Nancy Kalchbrenner, president of the school board, said officials still are struggling with the aftermath.

"The racial issues are still very difficult," she said. "There are a lot of concerns. We're discussing our student assignment. It's a concern in the business community because of economic development. Our schools are not in the traditional American format. There's still a lot of distrust and concern, especially in the African-American community."

Stephen Katz, who represented the teachers' union during those lengthy negotiations, is now general counsel for the district.

Katz said the first civil rights action against Rockford schools was filed in 1989, and the district was released from its monitors in 2002. He said concerns about the schools go back to the 1970s.

"There had been a desegregation lawsuit in the early '70s, but it wasn't pursued vigorously," he said. "The district ended up engaging in one-way busing, taking black kids to the white side of town. The second lawsuit filed in 1989 arose because of the reorganization plan named, unfortunately, Toward a Brighter Tomorrow."

The plan was to close the only naturally segregated high school in the city and several schools in the black neighborhood.

"Members of the minority community wanted to discuss that, but they were blown off," Katz said.

They filed a complaint followed by a consent decree, and the district backed off some elements of the reorganization but kept the high school closed.

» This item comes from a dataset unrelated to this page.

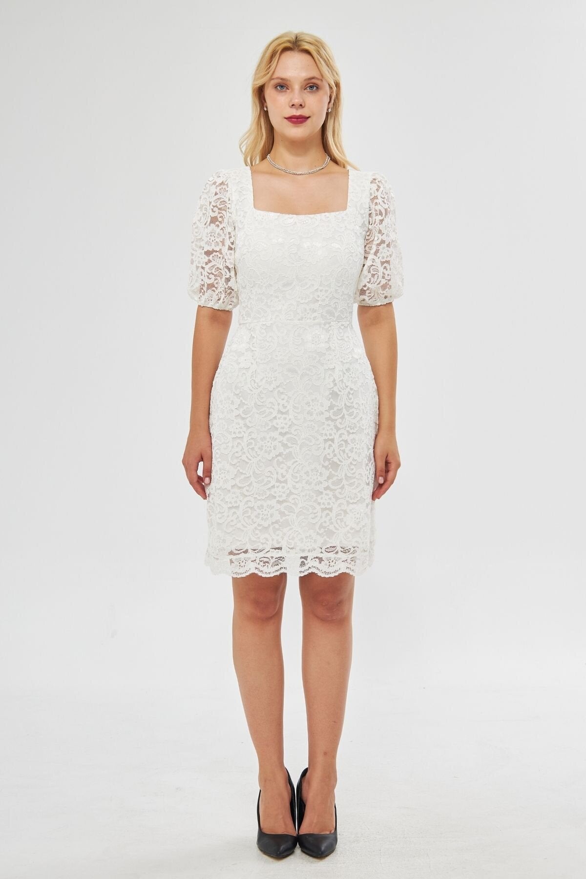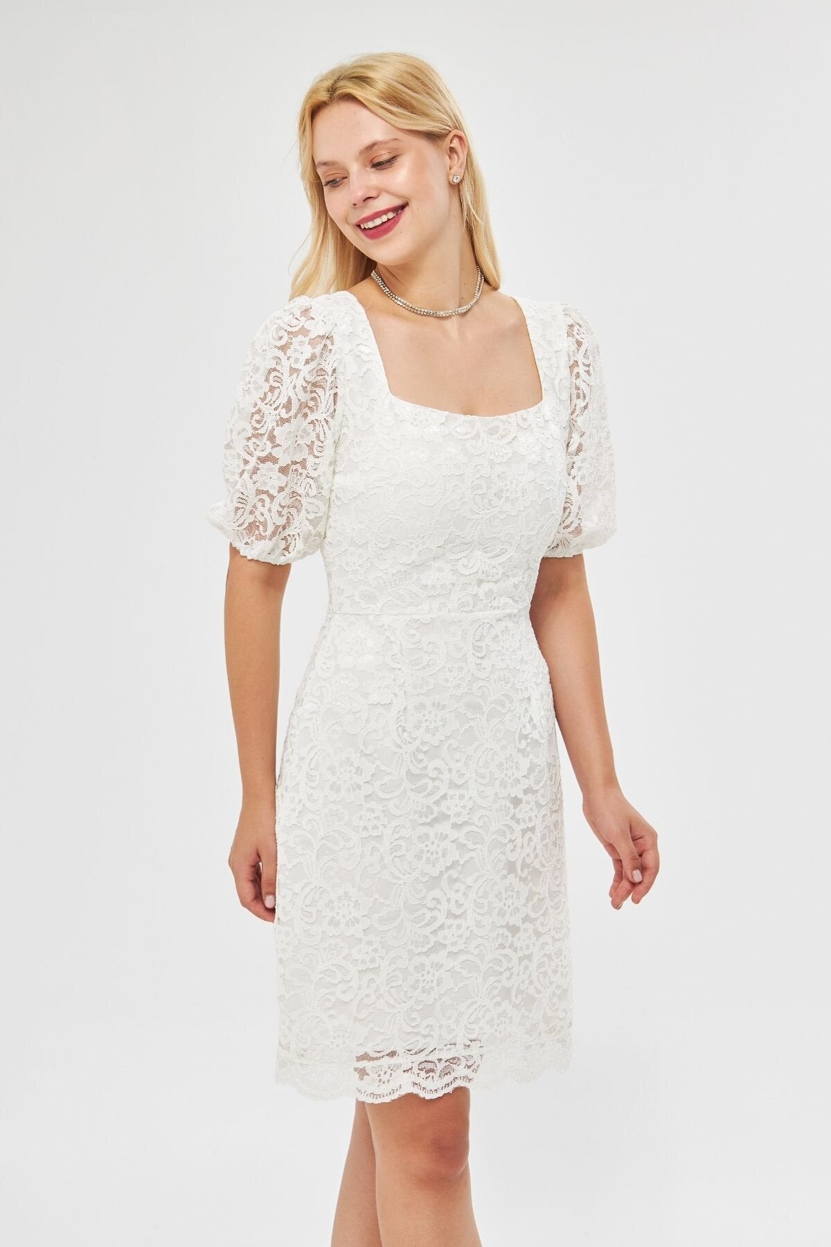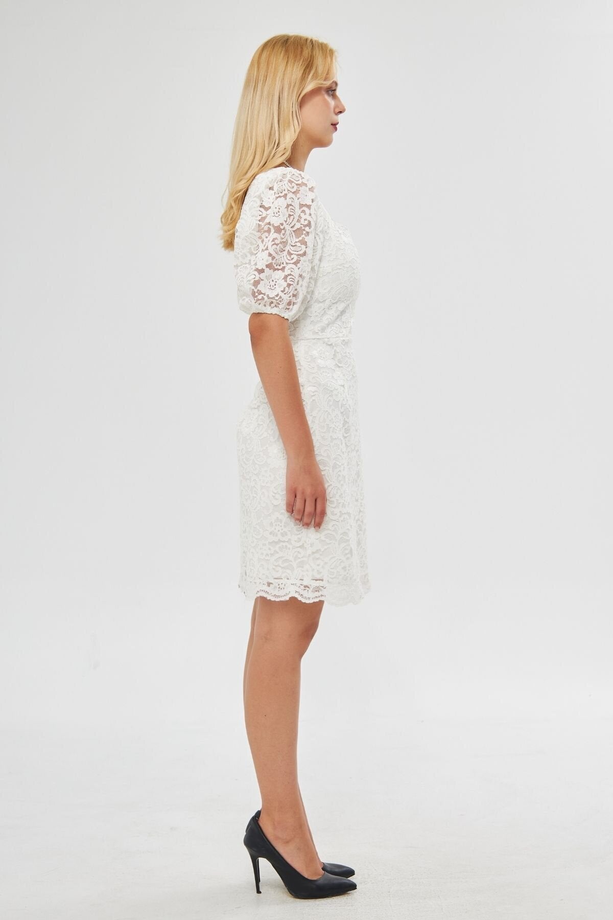 Mini French Lace Balloon Sleeve Evening Dress - White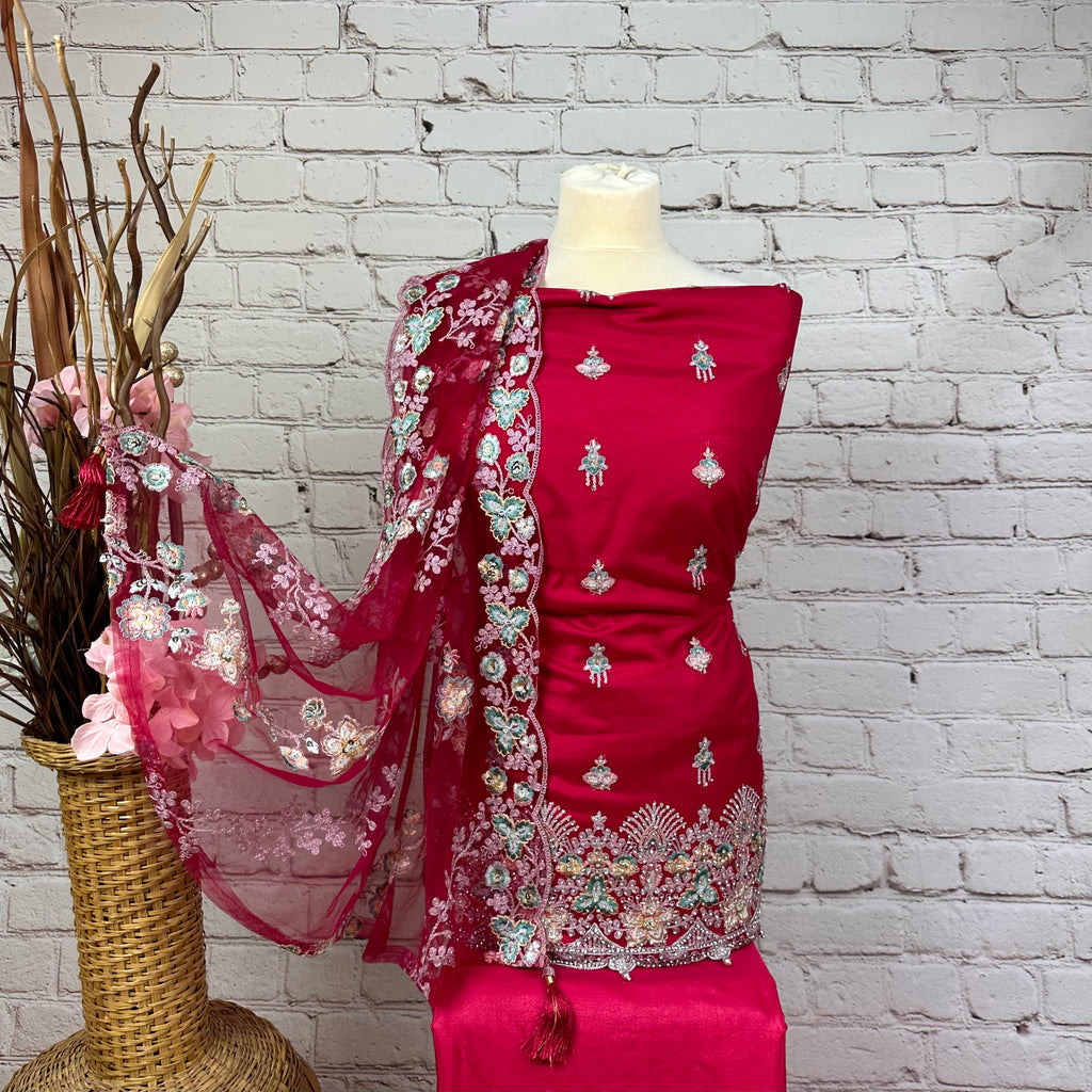 ▪️Unstitched tulle net suit with contrast threadwork floral embroidery

A second complaint turned the case into a class-action lawsuit.

"Instead of just attacking the reorganization plan, it attacked the segregation of the district, calling it a dual schools system going back 40 years with a misallocation of resources to the majority side of town, favoring whites," Katz said.

The second complaint resulted in a second consent decree calling for a court monitor. Meanwhile, with legal bills growing, the district dipped into its tort fund to cover them. The second order also challenged teaching, saying it was better on the east (white) side of the city than it was on the west (black) side. The union challenged those claims, and the court threw them out.

"It ruled you can't wipe out third-party rights unless the court finds the district guilty," Katz said. "That led in 1993 to a liability trial in Rockford focusing on whether Rockford was running an unconstitutional dual school system. It was truncated because the district admitted facts showing it ran a dual system."

The union contract, however, was found not to be the problem.

"The remedy trial started in early fall of 1995," Katz said. "It concluded in May of 1996. Periodically during the trial, the court would issue rulings about remedies. They were massive."

The district had to introduce controlled choice in every school. It was ordered to eliminate an achievement gap, but the district challenged that and it was tossed out.

"The court said that's ludicrous because so many factors contribute to it," Katz said.

But it didn't take long before Rockford was the most perfectly integrated district in the country, run by a court-appointed "master" and other administrators who came in just to keep an eye on desegregation practices.

In 1999 and 2000, Rockford went back to court to prove it had eliminated segregation. Katz said the district court rejected those claims but the circuit court restored Rockford's self-control.

"Taxpayers spent $258 million, and the achievement gap got worse, test scores got worse, everything got worse," Katz said. "We were integrated by color of skin, but that's where the achievement ended. Everything else went south. The district got three new school buildings, lawyers collected $30 million and the rest of the money achieved nothing. "

Today, Rockford still uses a school choice system, but it's voluntary and race neutral. All students are allowed to pick the school they want to attend, and buses run everywhere.

The result?

"Integration has pretty much disappeared," Katz said. "We now have loads of racially identifiable schools. Any law firm paid by the taxpayers made a lot of money. That worked. Schools got built, we got rid of old schools, and construction companies made money. But as far as improving education in Rockford, I don't think anyone would say it's improved. Throwing loads of money at the problem didn't solve it."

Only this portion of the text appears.